2b) 使用带有类别指定符的反引号代码块（扩展的Markdown）

    (?:\n+|\A)?                 # Necessarily at the beginning of a new line
    (?<code_all>
        (?<code_start>
            [ ]{0,3}            # Possibly up to 3 leading spaces
            \`{3,}              # 3 code marks (backticks) or more
        )
        [ \t]*                  # Possibly some spaces or tab
        (?:
            (?:
                (?<code_class>[\w\-\.]+)    # or a code class like html, ruby, perl
                (?:
                    [ \t]*
                    \{(?<code_def>[^\}]+)\} # a definition block like {.class#id}
                )?                          # Possibly followed by class and id definition in curly braces
            )
            |
            (?:
                [ \t]*
                \{(?<code_def>[^\}]+)\} # a definition block like {.class#id}
            )                           # Followed by class and id definition in curly braces
        )
        \n+
        (?<code_content>.*?)    # enclosed content
        \n+
        (?<!`)
        \g{code_start}          # balanced closing block marks
        (?!`)
    )
    (?:\n|\Z)                # and a new line or end of string

Using 1 or more backticks for inline code

 (?<!\\)                     # Ensuring this is not escaped
 (?<code_all>
     (?<code_start>\`{1,})   # One or more backtick(s)
     (?<code_content>.+?)    # Code content inbetween back sticks
     (?<!`)                  # Not preceded by a backtick
     \g{code_start}          # Balanced closing backtick(s)
     (?!`)                   # And not followed by a backtick
 )

- Jacques

例3的模式有误 - 它与模式1相同。是复制粘贴错误吗？ - Senipah

是的，复制/粘贴错误。应该是: (?<!\) #确保它没有被转义 (?<code_all> (?<code_start>`{1,}) #一个或多个反引号 (?<code_content>.+?) #反引号之间的代码内容 (?<!

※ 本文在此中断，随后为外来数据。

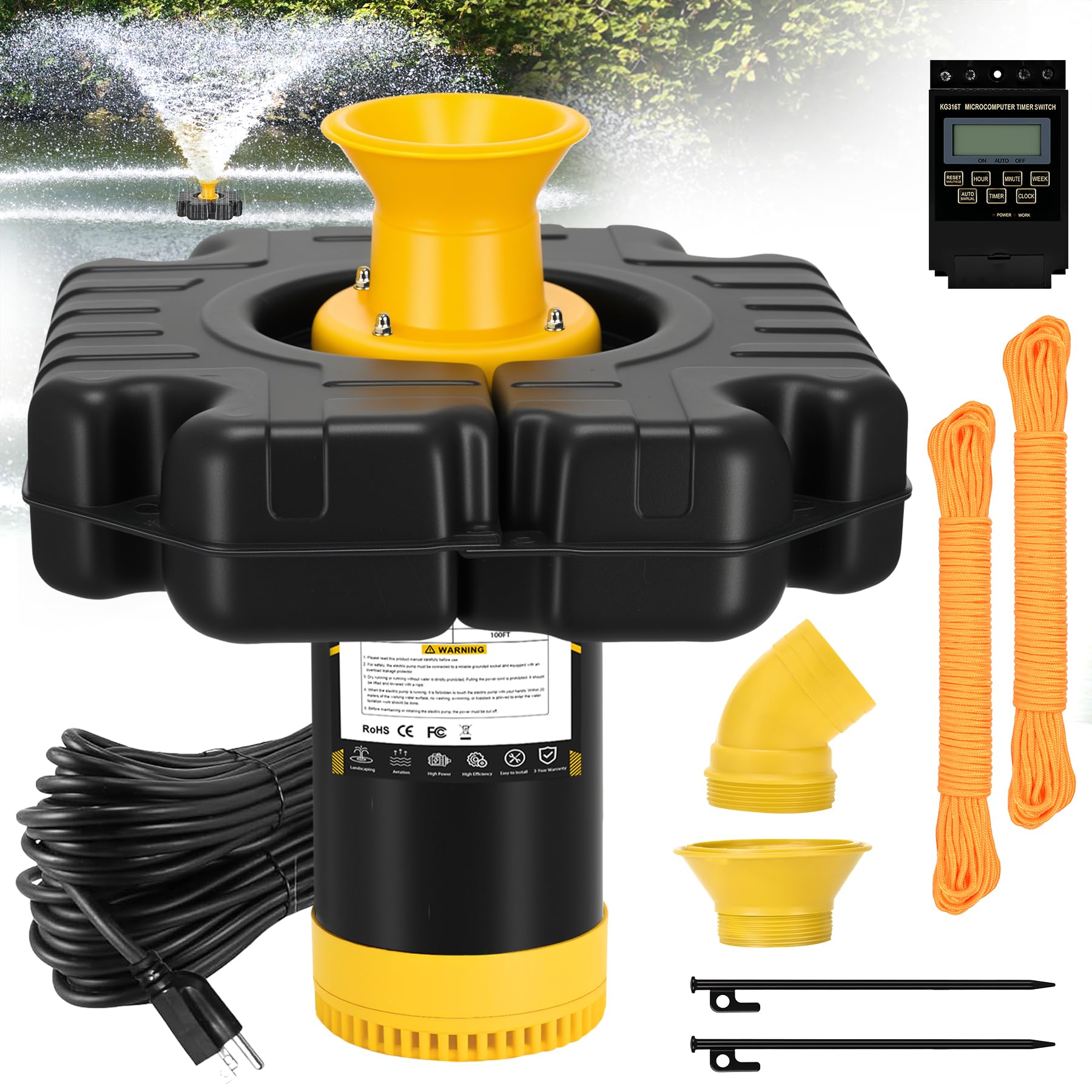 Pond Fountain Aerator, 1HP 15000 GPH, with Timer & 100FT Rope & Cord

)                   #不是由反引号前导的         \g{code_start}           ＃平衡的结束反引号         (?!

) #而且不是后面跟着反引号 )请参阅此处https://regex101.com/r/C2Vl9M/1 - Jacques

0

试试这个？

[a-z]*\n[\s\S]*?\n

它将从你的示例中提取。

This must have three backticks
flanking it

- tzatalin

网页内容由stack overflow 提供, 点击上面的

可以查看英文原文，
原文链接

- trincot · Accepted Answer

你应该使用字符串的开始/结束标记符号（^ 和 $ 与 m 修饰符结合使用）。此外，你的测试文本在最后一个块中只有3个前导空格：

^((?:(?:[ ]{4}|\t).*(\R|$))+)

通过使用\R和重复匹配，您可以每个匹配与整个块匹配，而不是每行匹配。

请在regex101上查看演示

免责声明： Markdown的规则比所示的示例文本更加复杂。例如，当（嵌套）列表中有代码块时，这些代码块需要以8、12或更多个空格为前缀。正则表达式无法识别此类代码块，或其他嵌入了Markdown符号的代码块，这些符号使用了更广泛的格式组合。